A referenced output could take the following format

{
   'scriptPubKey': '76xxxxxx',
   'value': 100,
   'spent': true/false
}

So a user could use Blockchain.getOutputs or get their own data somewhere, as long as it matches this format.

Thoughts?

MidnightLightning commented 10 years ago

For the specific validation step of "are the inputs unspent", I'd pose reversing the roles of which object has the validation method, and which gets passed in. Since that validation has to be in the context of a blockchain, I'd structure it as Blockchain.validate(tx). Internally the Blockchain object would verify the unspent status of the inputs used, but that way you don't have to dictate the format of that response, just the structure of the Transaction object being passed in, which the Blockchain object will already have to know to operate.

And for that validation, even if it fails once (one of the inputs is already spent), there's a chance that the block that the input was spent in becomes orphaned, and the transaction becomes valid at a future time (very rare, but possible). If you want to account for that possibility, you could hold a structurally-valid (passes all other validation steps) in memory for a while and periodically check and see if it validates with the Blockchain yet (meaning, failing that one validation step doesn't mean it has to be a fatal validation error).

sidazhang commented 10 years ago

I think that's also valid. In that case I think we can have referencedOutputs to be an array of TransactionOuts

Although I would still like Transaction to have the ability to validate itself given valid and unspent referenced outputs

The reason is that users might not want to need to run a node to validate a transaction. (It is a pretty heavy process and all the data can be found on with a standard api like blockchain.info api). A user for example, might only want to run a lightweight checker to see if the transaction is valid.

Of the steps required to validate a transaction: https://en.bitcoin.it/wiki/Protocol_rules

We need blockchain data for:

11. For each input, look in the main branch and the transaction pool to find the referenced output transaction. If the output transaction is missing for any input, this will be an orphan transaction. Add to the orphan transactions, if a matching transaction is not in there already.
12. For each input, if the referenced output transaction is coinbase (i.e. only 1 input, with hash=0, n=-1), it must have at least COINBASE_MATURITY (100) confirmations; else reject this transaction
14. For each input, if the referenced output has already been spent by a transaction in the main branch, reject this transaction[6]
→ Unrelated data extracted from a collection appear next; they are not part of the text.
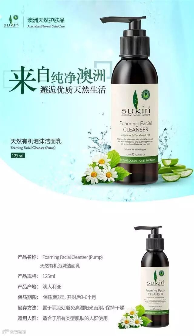 Sukin此款洗面奶是低泡产品,没有添加任何化学发泡剂,富含植物成分,能够在洁净肌肤的同时为肌肤补水,而且没有任何残留。配方温和,不会令肌肤干燥,能有效去除彩妆、面上的污垢及油垢。能令肌肤充满活力,同时净化和平衡皮肤。适合所有皮肤类型,尤其是油性和敏感。
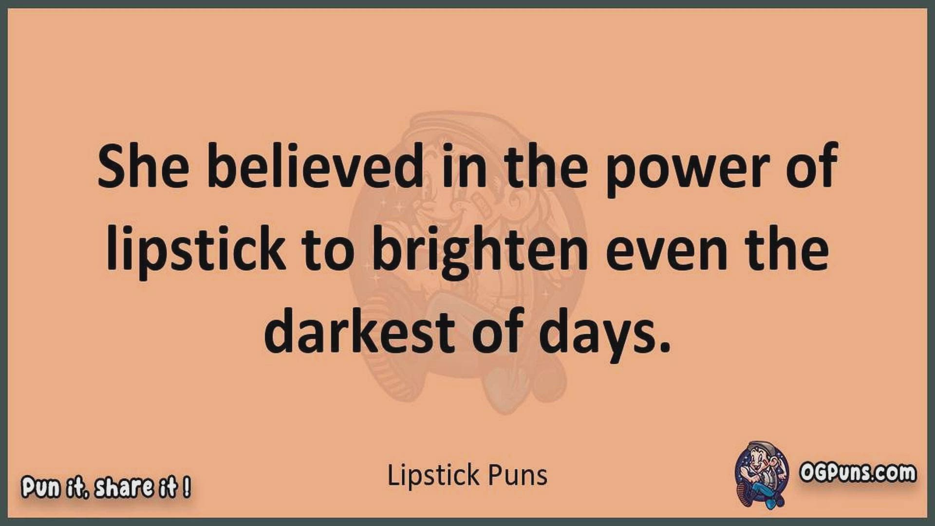 Delve into the delightful world of Lipstick Puns ! Here, you'll find an entertaining mix of jokes, puns, quips, and wordplay. Each piece is crafted to offer a quick escape into humor, perfect for a light-hearted moment in any day. Whether you're seeking a chuckle or a clever twist on familiar themes, this collection promises to deliver smiles and laughter. Embrace the lighter side of life with humor that's both witty and refreshing."
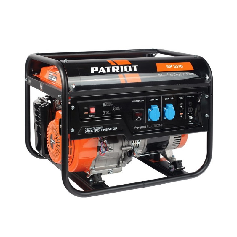 Бензиновый генератор PATRIOT GP 5510 предназначен прежде всего для строительных и ремонтных работ. Запас мощности двигателя относительно номинальной мощности электрогенератора обеспечивает устойчивость агрегата к жестким условиям эксплуатации. Простота компоновки делает генератор доступным по стоимости. Оснащен двигателем с верхним расположением клапанов [OHV], что значительно увеличивает ресурс, снижает выхлоп и уровень шума. Датчик контроля масла исключает запуск и работу генератора при отсутствии или низком уровне масла в картере. Синхронный электрогенератор с системой автоматической регулировки и медными обмотками обеспечивает стабильное выходное напряжение и частоту тока. Цифровой электронный мультидисплей позволяет контролировать все выходные характеристики: напряжение, частоту, а также счетчик моточасов помогает следить за интервалами между техническим обслуживанием. Выход 12 вольт позволяет подзарядить автомобильный аккумулятор в экстренном случае. Усиленная передняя панель с утопленными элементами управления снижает риск механических повреждений. Адаптирован под установку транспортировочного комплекта.

So basically, it is one look up to check the prev_tx and also check the confirmation count.

What do you think? Or maybe the validation logic should be in the blockchain module? Maybe there is a way that we can pass the data in rather than forcing the user to run a node?

MidnightLightning commented 10 years ago

I agree the validation logic (for those three steps) should be in the Blockchain module. For what I have been saying, "Blockchain module" !== "node"; you could have a blockchain module that's disconnected from the network and just looking at a cached database, or a blockchain module that doesn't have its own database and instead queries an outside API for all inquiries.

sidazhang commented 10 years ago

Alright, I agree with you. I think that works well.

In such case, I do think it Blockchain module would be a good place for this. We could have the blockchain module do all the validations too. So long we could do it in such a way that let's user flexibly choose which api / or data source they would like

MidnightLightning commented 10 years ago

Right; from the transaction's perspective, it just needs to know there's a Blockchain.validateTx(tx) method and it doesn't have to know how it works. When creating a Blockchain object, you have to tell it where its data source is, from a few different options. That's my plan for the btc-blockchain library anyway!

sidazhang commented 10 years ago

Also included a small test.

I am yet to handle the issue of trying to read beyond buffer length, although I don;t really want to use an eventemitter for this

MidnightLightning commented 10 years ago

I've updated my parsing functions in the parsing-handling branch of btc-p2p if you want to take a peek there. While an event emitter would allow giving a failure response sooner, it requires a value to be returned as a callback rather than a return value, even through it's an asynchronous action. I've updated my method to an internal state property to determine failure, which means it doesn't return early on failure, but at least gracefully fails out.

sidazhang commented 10 years ago

@MidnightLightning I took a brief look at the struct object. It seems like if it fails to read the buffer it will return an internal state of "failed"

I like it. How do you feel about breaking this out into a separate module for all buffer reading?

MidnightLightning commented 10 years ago

The Struct and Message objects might be useful as a separate library for encoding/decoding binary messages. bitcoinjs-server uses the binary library, but an older version that allows both assembling and disassembling binary messages. Do you know of any other libraries like that which already exist, or should we make one custom for cryptocoin applications?

sidazhang commented 10 years ago

does the binary library not assemble message now? if it is no longer suitable. let's have our own package the reason is that bitcoin binary parsing is fairly limited we don't need a lot of functionalities.

Can I suggest to start off with a btc-binary package which will contain struct in it and then we can move other stuff such as message into it later?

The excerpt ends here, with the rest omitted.